Während Phil den Laden verließ, hörte er noch, wie eine der Frauen sagte: „Grabstetten. Komischer Name. Übrigens, Vera, ich habe ein neues Mittel gegen Gänseblümchen entdeckt, das …“
Phil runzelte die Stirn und ging zu seinem Fahrrad. Er nahm das Rosinenbrötchen heraus und aß es im Stehen.
Dann stieg er auf das Rad und fuhr nachdenklich zurück.
Als er durch die Kugel wieder auf der Schonung angekommen war und unbemerkt sein Rad über den Zaun gehoben hatte, nahm er nicht den Weg nach Hause, sondern steuerte auf die Stadtbücherei zu.

Am nächsten Tag regnete es, und Gina und Phil kamen fast gleichzeitig zu Fuß bei Joker an.
Ohne Kommentar zogen sie ihre nassen Schuhe aus, als Joker ihnen öffnete (eine Erziehungsmaßnahme Ginas) und gingen auf Socken mit ihm eine Treppe nach oben in sein Zimmer.
Joker hatte sich redlich bemüht, ein wenig Ordnung zu schaffen, aber Gina entdeckte ein zerkrümeltes Brötchen zwischen den Polstern eines ausgedienten Sessels, und der Papierkorb unter dem Schreibtisch quoll über, sodass zwei leere Joghurtbecher auf den Boden gefallen waren.
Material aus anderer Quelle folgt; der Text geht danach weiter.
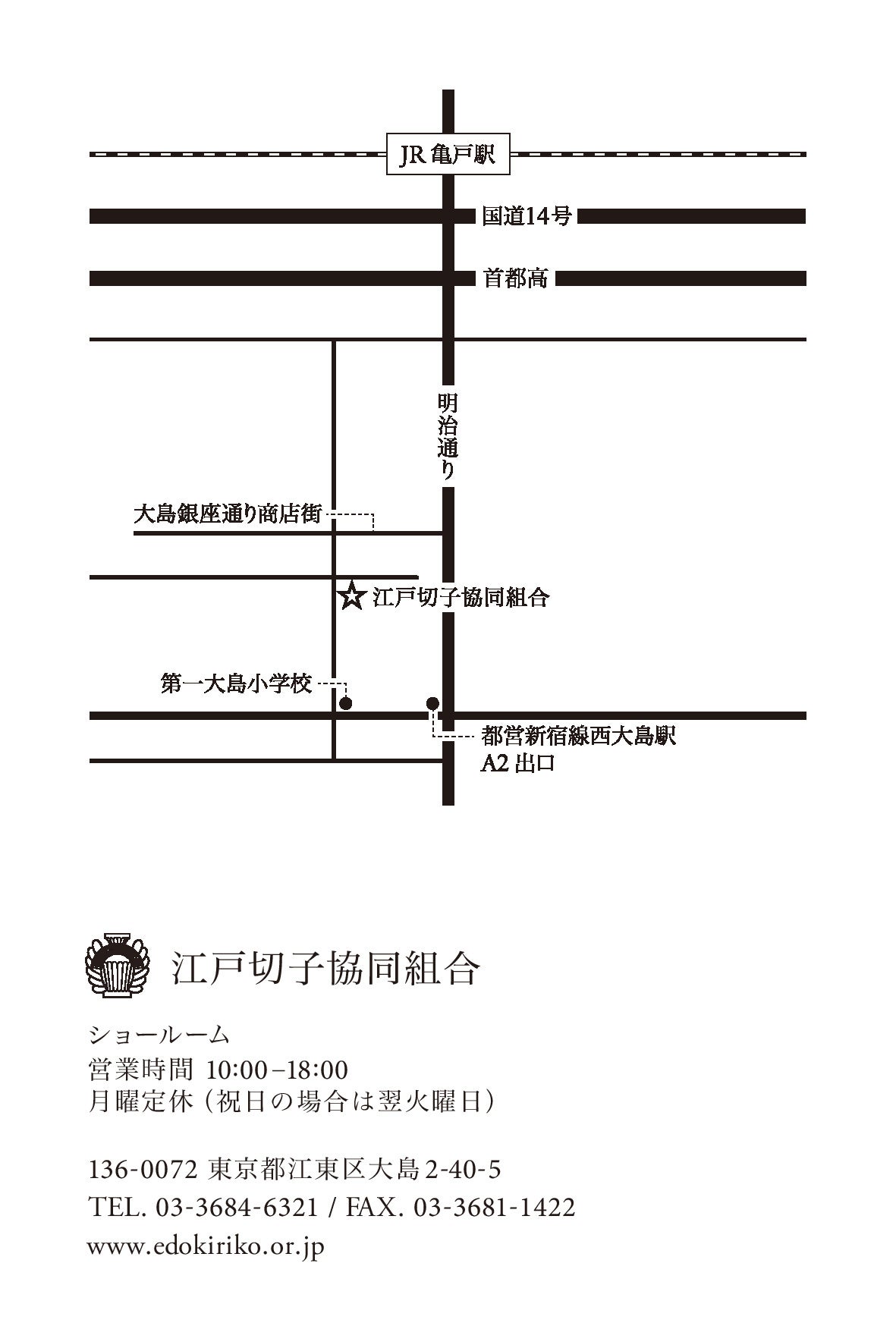 この度開店する「江戸切子ショールーム」は、江東区大島2丁目にあり、都営新宿線西大島駅A2出口から徒歩3分と駅の近傍です。
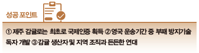 문 대표가 영국 시장에 주목한 이유는 영국인이 즐겨 먹는 과일 중 하나가 감귤이기 때문. 그런데 농산물의 90% 이상을 수입하는 영국이 1~3월 수입하는 감귤 물량은 전혀 없는 실정이었다. 이런 틈새시장을 공략해 맛과 당도에서 인정받은 결과 영국으로 감귤을 대량 수출하는 터키, 스페인의 감귤보다 2배 이상의 가격을 받을 수 있었다. 이내 영국은 국내 감귤의 최대 수출국으로 부상했다. 2위인 오스트리아에 견줘 200배 이상의 수출 실적을 기록할 정도다.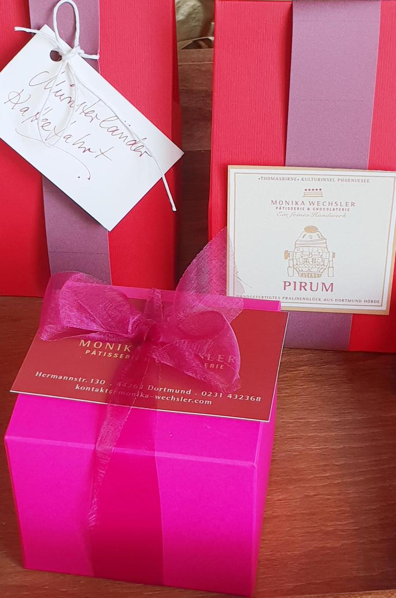 - Präsent Regional Kochen – Das Kochbuch von Dortmund -Text & Fotos von Josepha Vosschulte 62 Seiten mit einer Pralinenmischung von Monika Wechsler verpackt in einer pinken Faltschachtel € 28,00

Die Bücher, Zettel und Hefte, die sonst auf dem Schreibtisch lagen, hatte Joker einfach auf den Teppich gestapelt.
„Na, Alter, wie geht’s?“, sagte Joker und haute Phil auf den Rücken.
„Geht so.“
„Geht so? Besonders munter siehst du tatsächlich nicht aus.“
„Schlecht geschlafen.“
Joker raschelte mit der Zeitung. „Also, Leute, ich weiß auch nicht. In letzter Zeit gibt es die merkwürdigsten Meldungen. Neulich war ja diese Geschichte über das Schaf, das seinen Schäfer erschossen hat, und heute … Hört euch das an. Eine irre Überschrift!“
Phil und Gina ließen sich auf das ausrangierte Sofa nieder.
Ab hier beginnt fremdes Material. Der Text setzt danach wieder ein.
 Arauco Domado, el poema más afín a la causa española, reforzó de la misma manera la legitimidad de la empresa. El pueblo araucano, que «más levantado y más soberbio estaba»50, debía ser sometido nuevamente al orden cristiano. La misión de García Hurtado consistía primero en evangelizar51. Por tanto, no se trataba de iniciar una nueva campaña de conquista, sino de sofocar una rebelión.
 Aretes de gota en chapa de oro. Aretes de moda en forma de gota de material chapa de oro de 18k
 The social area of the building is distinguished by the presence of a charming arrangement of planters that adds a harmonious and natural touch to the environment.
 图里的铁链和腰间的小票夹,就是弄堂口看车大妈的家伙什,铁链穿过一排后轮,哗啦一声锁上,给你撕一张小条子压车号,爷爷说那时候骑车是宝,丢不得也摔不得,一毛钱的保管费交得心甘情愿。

„Angriff der Gummibärchen!
In einer Süßwarenfabrik gab es am Samstag einen Unfall. Ausgelöst wurde er durch eine Fehlsteuerung der Fließbänder, die Gummibärchen zu der Verpackungseinheit transportierten.
Die wohlschmeckenden bunten Tiere waren in das Getriebe geraten, hatten die Fließbänder blockiert und dabei einen riesigen Stau verursacht. Bei der Reparatur der Maschinen wurden zwei Ingenieure aus bisher noch unbekannten Gründen schwer verletzt.“
Phil verzog den Mund zu einem müden Lächeln und sagte: „Ziemlich witzig. Ich hab übrigens eine Neuigkeit. Gestern war ich …“
Er wurde unterbrochen, weil die Tür aufging und Jokers Mutter im Türrahmen stand.